### Supplied data ###

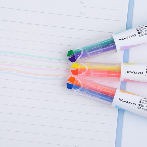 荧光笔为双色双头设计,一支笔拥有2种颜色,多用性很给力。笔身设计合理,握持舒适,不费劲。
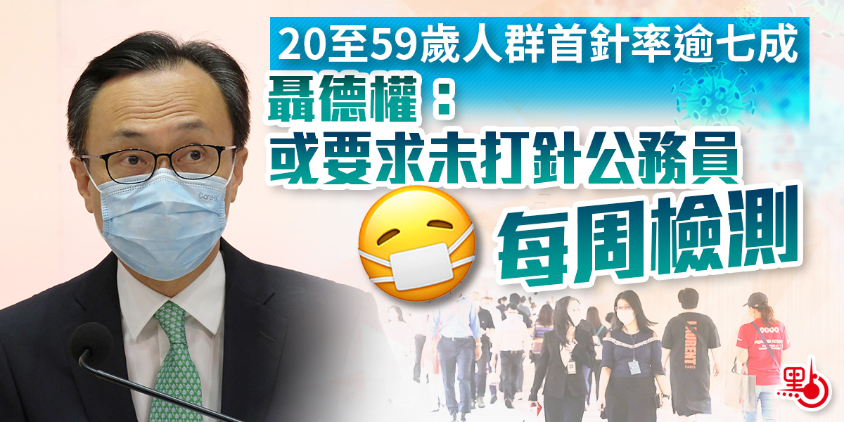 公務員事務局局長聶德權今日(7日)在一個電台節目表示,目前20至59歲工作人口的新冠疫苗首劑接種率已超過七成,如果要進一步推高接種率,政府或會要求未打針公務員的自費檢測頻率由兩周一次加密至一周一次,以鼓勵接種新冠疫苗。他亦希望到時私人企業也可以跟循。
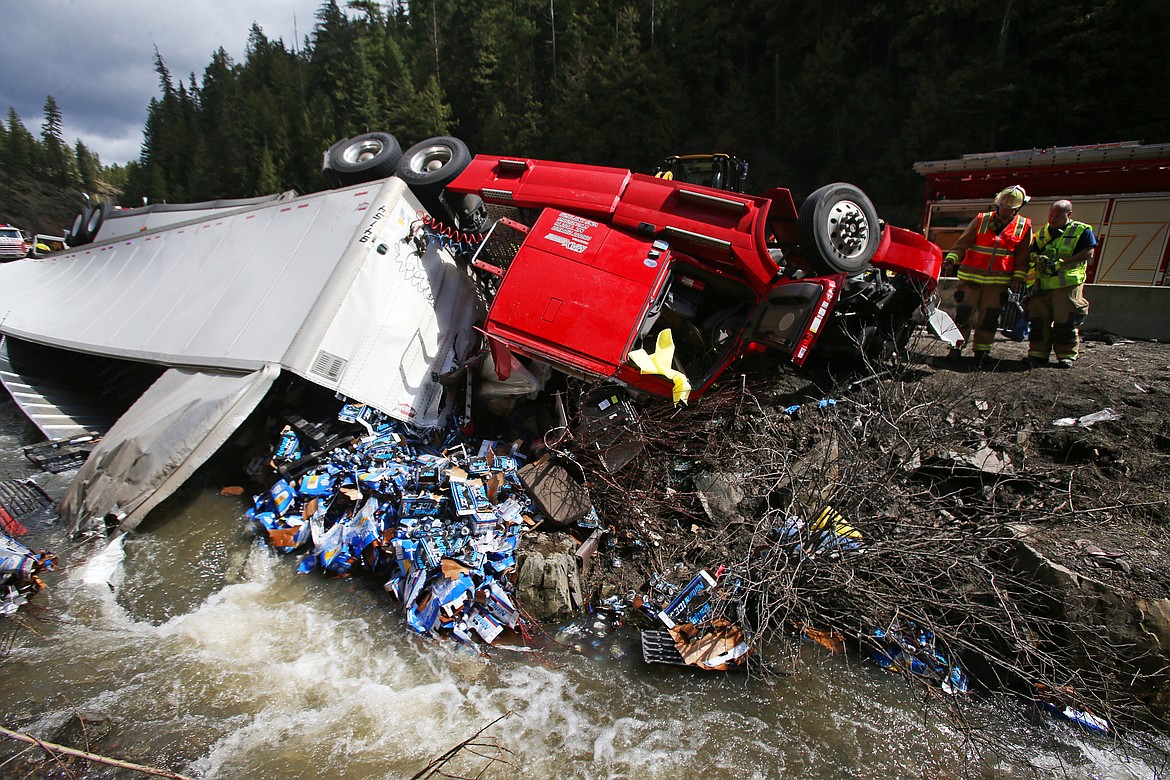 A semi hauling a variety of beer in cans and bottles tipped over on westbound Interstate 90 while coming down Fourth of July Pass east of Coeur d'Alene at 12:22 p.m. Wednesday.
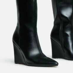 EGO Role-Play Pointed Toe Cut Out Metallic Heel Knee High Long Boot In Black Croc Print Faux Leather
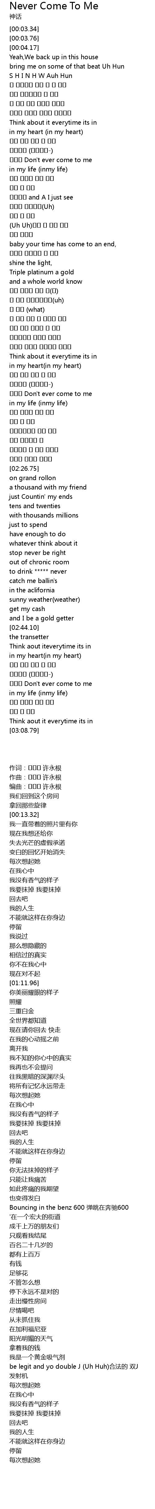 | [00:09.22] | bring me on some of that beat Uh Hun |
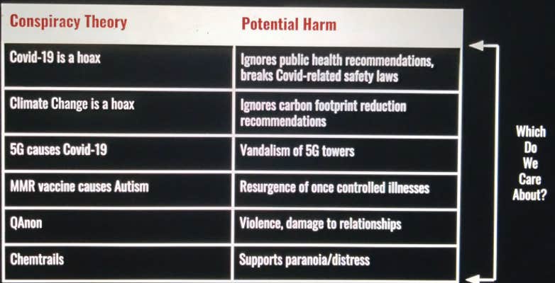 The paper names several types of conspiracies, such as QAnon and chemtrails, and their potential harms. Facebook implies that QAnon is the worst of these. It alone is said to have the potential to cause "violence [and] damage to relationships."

###
### Supplied data ###

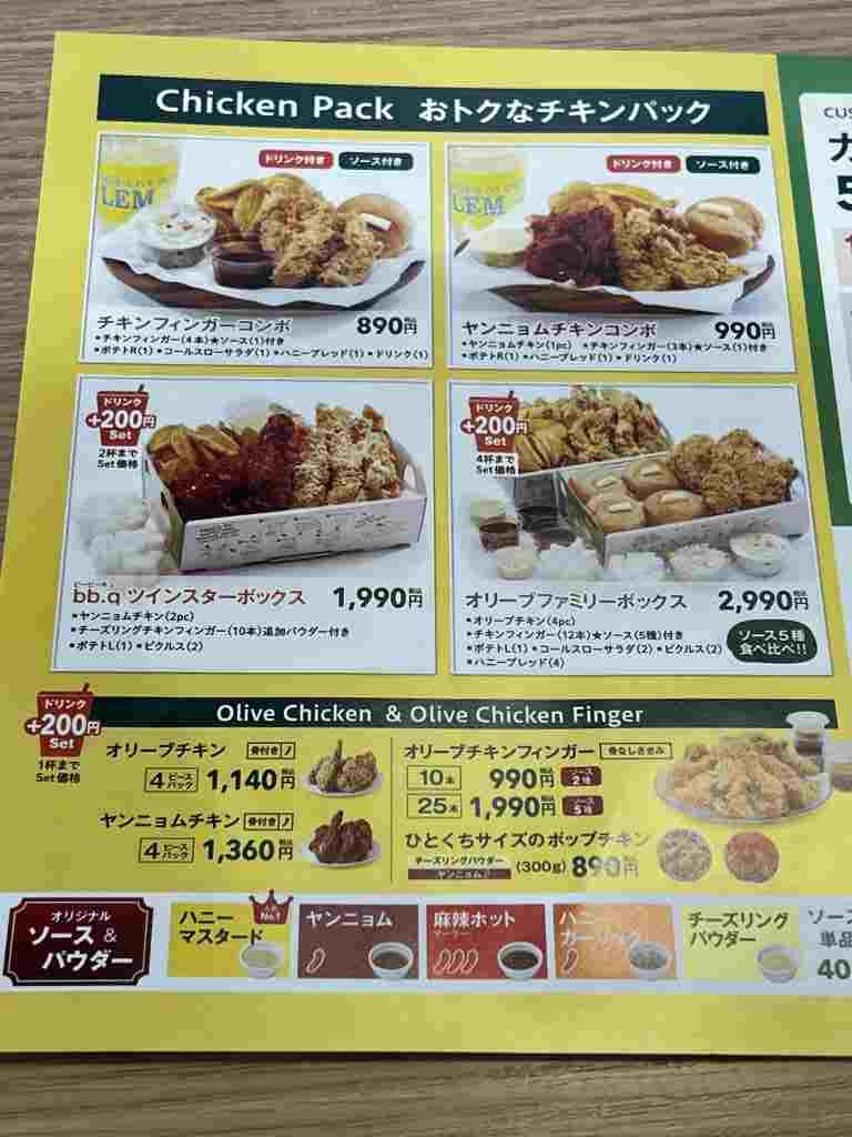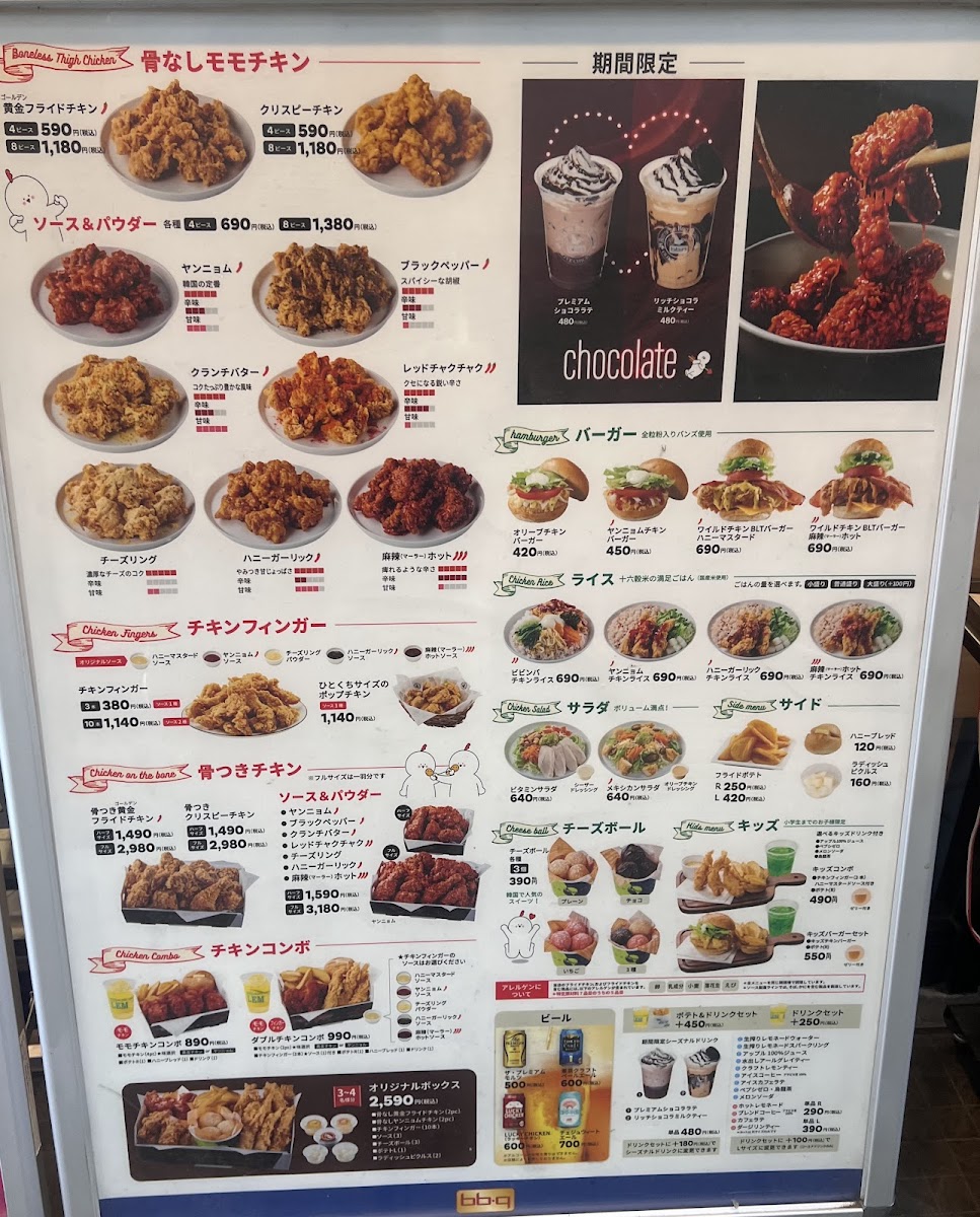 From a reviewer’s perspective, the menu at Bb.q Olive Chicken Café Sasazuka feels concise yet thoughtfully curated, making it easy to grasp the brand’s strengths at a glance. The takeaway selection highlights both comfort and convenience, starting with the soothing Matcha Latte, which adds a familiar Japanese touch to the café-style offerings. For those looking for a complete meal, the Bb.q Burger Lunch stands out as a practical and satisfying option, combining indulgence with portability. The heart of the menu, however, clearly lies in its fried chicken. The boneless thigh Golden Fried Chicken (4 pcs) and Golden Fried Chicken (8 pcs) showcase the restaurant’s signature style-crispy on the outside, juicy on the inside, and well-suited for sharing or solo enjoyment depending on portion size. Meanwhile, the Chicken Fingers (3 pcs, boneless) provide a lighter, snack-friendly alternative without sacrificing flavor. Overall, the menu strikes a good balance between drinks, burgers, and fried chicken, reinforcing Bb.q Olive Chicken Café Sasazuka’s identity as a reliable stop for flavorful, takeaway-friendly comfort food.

###
### Supplied data ###

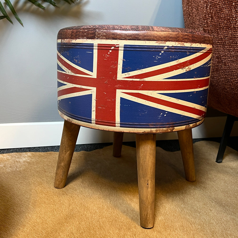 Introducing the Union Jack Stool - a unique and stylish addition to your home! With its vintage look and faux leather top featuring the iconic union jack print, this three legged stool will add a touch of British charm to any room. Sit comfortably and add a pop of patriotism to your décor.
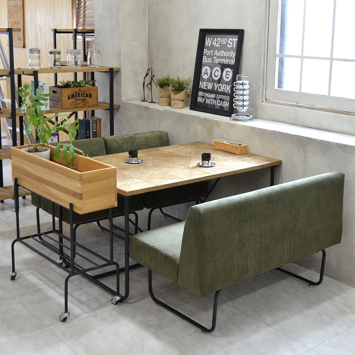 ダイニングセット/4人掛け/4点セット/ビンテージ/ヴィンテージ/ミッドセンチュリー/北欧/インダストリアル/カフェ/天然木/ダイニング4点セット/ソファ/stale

###

Exercise objective: Set down word for word the lines above from the one with "EGO Role-Play Pointed" up to and including the one with "The paper names". Omit every picture.

Response:
 EGO Role-Play Pointed Toe Cut Out Metallic Heel Knee High Long Boot In Black Croc Print Faux Leather
 | [00:09.22] | bring me on some of that beat Uh Hun |
 The paper names several types of conspiracies, such as QAnon and chemtrails, and their potential harms. Facebook implies that QAnon is the worst of these. It alone is said to have the potential to cause "violence [and] damage to relationships."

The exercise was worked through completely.